┌──
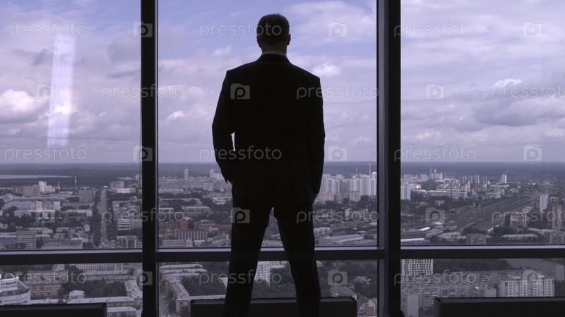 Полный обзор успешного бизнесмена в костюме, стоящего в офисе с руками на пояснице, генеральный директор
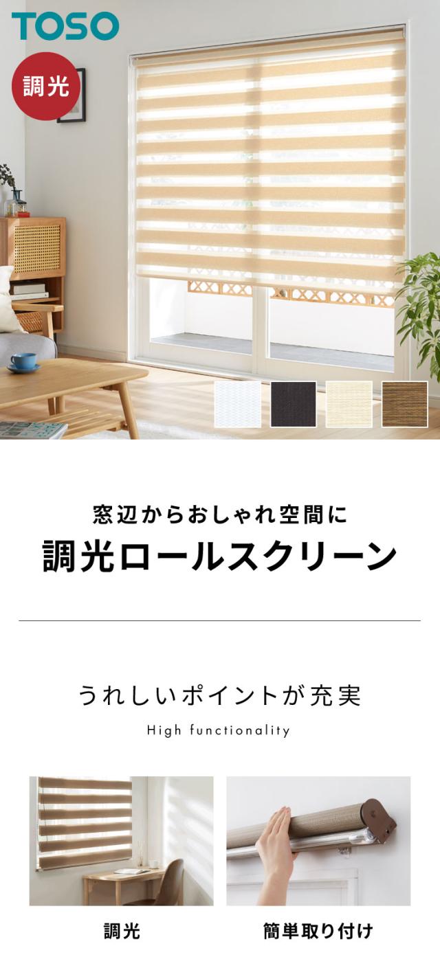 調光 ロールスクリーン 幅180×丈200cm 規格サイズ 右側チェーンタイプ 4色展開 無地 調光 目隠し 遮光 採光 白 ホワイト アイボリー ブラウン TOSO(代引不可)
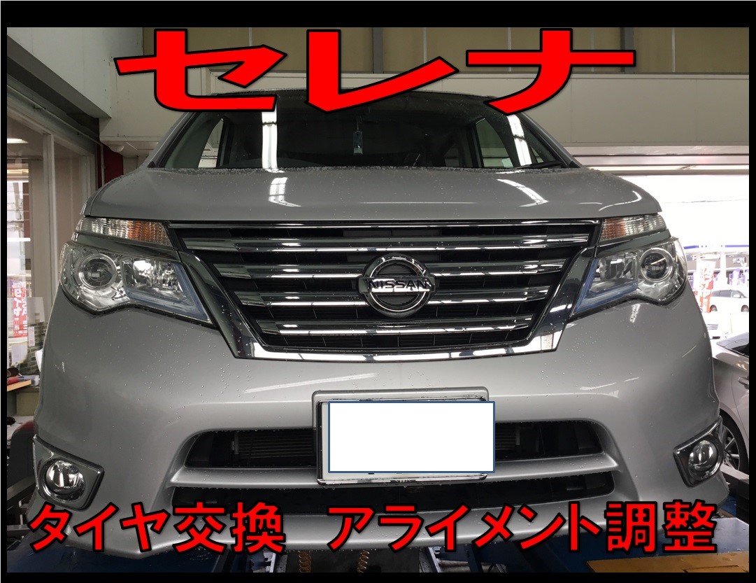 セレナのタイヤ交換アライメント調整を行いました
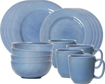 - Set includes four dinner plates, four salad plates, four bowls and four mugs
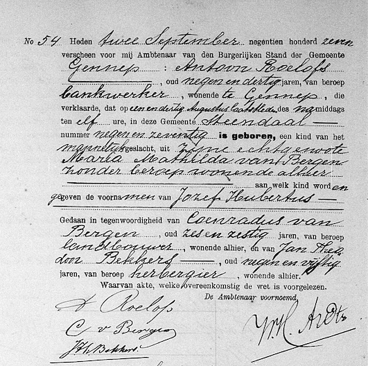 Gennep geb. akte 31-08-1907 Roelofs Jozef Hubertus
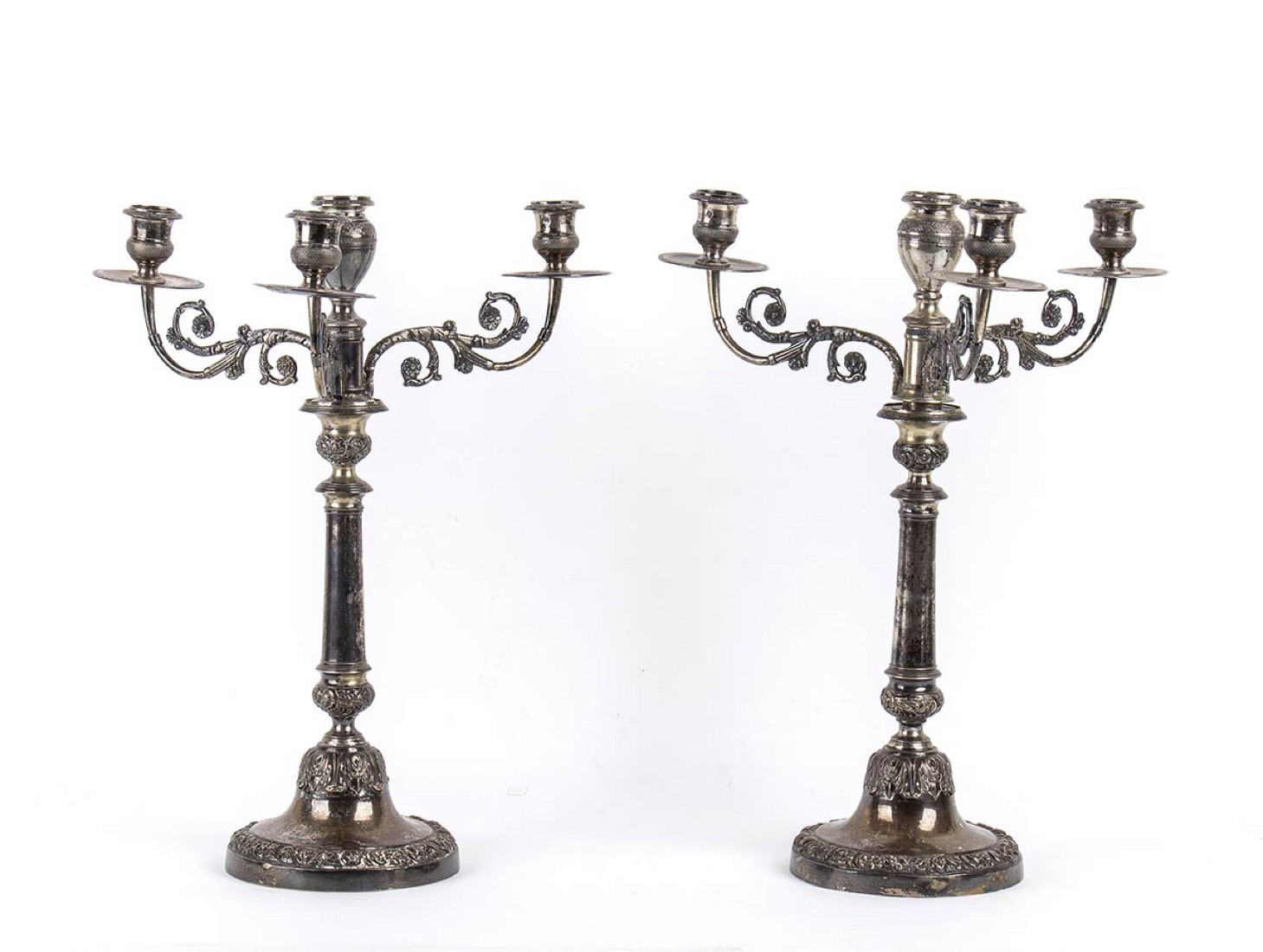 Coppia di candelelabri Italiani in argento - Napoli, 1830 circa
└──
● WORK TASK:
Please transcribe the entries precisely and omit any images they hold.

● REPLY TO THE EXERCISE:
 Полный обзор успешного бизнесмена в костюме, стоящего в офисе с руками на пояснице, генеральный директор
 調光 ロールスクリーン 幅180×丈200cm 規格サイズ 右側チェーンタイプ 4色展開 無地 調光 目隠し 遮光 採光 白 ホワイト アイボリー ブラウン TOSO(代引不可)
 セレナのタイヤ交換アライメント調整を行いました
 - Set includes four dinner plates, four salad plates, four bowls and four mugs
 Gennep geb. akte 31-08-1907 Roelofs Jozef Hubertus
 Coppia di candelelabri Italiani in argento - Napoli, 1830 circa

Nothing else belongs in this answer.